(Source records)
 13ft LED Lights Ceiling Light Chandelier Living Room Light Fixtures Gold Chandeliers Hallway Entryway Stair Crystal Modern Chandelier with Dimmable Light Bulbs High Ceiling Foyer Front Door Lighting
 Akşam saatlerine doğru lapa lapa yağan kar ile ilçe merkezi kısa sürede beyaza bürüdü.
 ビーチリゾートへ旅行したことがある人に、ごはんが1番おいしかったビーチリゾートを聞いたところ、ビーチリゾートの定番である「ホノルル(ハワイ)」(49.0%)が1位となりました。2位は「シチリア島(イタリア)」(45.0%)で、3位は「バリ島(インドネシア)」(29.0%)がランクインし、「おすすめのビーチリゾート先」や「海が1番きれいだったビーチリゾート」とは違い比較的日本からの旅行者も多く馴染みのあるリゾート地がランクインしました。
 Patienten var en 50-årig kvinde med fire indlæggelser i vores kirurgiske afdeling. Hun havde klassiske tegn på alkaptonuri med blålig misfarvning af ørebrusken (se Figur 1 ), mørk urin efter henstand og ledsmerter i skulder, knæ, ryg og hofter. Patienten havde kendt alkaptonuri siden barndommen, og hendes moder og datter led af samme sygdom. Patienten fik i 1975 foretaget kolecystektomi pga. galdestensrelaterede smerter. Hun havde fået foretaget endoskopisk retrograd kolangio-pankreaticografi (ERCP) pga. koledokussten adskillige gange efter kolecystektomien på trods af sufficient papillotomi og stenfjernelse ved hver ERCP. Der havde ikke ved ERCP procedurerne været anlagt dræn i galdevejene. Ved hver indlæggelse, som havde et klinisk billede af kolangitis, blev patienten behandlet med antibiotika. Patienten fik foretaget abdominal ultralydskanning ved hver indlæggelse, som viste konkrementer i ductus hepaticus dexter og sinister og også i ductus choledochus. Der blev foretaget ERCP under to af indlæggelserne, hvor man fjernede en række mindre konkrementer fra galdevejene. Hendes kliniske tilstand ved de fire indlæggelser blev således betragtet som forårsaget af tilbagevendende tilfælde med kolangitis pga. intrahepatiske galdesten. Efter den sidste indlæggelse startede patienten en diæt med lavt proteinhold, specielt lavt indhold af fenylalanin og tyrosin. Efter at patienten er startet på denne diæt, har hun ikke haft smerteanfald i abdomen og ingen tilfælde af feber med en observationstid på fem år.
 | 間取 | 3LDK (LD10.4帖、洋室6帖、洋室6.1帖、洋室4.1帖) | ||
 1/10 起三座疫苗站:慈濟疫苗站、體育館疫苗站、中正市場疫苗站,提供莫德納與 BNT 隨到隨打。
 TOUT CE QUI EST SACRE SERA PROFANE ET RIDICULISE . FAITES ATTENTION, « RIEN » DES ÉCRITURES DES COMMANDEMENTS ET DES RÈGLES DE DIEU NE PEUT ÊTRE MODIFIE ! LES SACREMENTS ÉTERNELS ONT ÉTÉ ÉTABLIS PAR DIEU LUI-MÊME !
==
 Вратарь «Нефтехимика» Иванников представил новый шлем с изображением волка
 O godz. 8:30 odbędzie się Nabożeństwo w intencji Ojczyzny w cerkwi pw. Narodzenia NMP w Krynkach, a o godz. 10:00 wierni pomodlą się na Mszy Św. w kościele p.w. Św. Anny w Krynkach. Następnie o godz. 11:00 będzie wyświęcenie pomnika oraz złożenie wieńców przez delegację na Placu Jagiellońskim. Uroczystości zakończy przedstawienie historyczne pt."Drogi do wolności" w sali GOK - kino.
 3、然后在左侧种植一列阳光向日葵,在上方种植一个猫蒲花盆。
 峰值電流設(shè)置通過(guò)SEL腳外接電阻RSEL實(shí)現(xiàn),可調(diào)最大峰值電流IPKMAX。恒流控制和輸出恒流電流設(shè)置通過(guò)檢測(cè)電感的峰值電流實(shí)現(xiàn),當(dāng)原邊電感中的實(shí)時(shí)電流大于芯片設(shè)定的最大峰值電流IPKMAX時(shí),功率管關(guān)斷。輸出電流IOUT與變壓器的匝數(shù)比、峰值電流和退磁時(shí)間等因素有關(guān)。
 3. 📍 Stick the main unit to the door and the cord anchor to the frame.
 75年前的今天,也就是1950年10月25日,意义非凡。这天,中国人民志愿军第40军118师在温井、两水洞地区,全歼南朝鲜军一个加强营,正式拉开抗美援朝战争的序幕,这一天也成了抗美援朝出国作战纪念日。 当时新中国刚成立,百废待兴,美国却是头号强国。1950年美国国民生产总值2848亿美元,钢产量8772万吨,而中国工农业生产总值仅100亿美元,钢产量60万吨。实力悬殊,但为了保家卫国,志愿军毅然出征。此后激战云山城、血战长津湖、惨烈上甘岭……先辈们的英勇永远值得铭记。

→ **TASK PROMPT**: Using the data above, reproduce exactly the lines between those holding "с изображением волка" and "3. 📍 Stick the", inclusive, and no others.

→ **OUTPUT**:
 Вратарь «Нефтехимика» Иванников представил новый шлем с изображением волка
 O godz. 8:30 odbędzie się Nabożeństwo w intencji Ojczyzny w cerkwi pw. Narodzenia NMP w Krynkach, a o godz. 10:00 wierni pomodlą się na Mszy Św. w kościele p.w. Św. Anny w Krynkach. Następnie o godz. 11:00 będzie wyświęcenie pomnika oraz złożenie wieńców przez delegację na Placu Jagiellońskim. Uroczystości zakończy przedstawienie historyczne pt."Drogi do wolności" w sali GOK - kino.
 3、然后在左侧种植一列阳光向日葵,在上方种植一个猫蒲花盆。
 峰值電流設(shè)置通過(guò)SEL腳外接電阻RSEL實(shí)現(xiàn),可調(diào)最大峰值電流IPKMAX。恒流控制和輸出恒流電流設(shè)置通過(guò)檢測(cè)電感的峰值電流實(shí)現(xiàn),當(dāng)原邊電感中的實(shí)時(shí)電流大于芯片設(shè)定的最大峰值電流IPKMAX時(shí),功率管關(guān)斷。輸出電流IOUT與變壓器的匝數(shù)比、峰值電流和退磁時(shí)間等因素有關(guān)。
 3. 📍 Stick the main unit to the door and the cord anchor to the frame.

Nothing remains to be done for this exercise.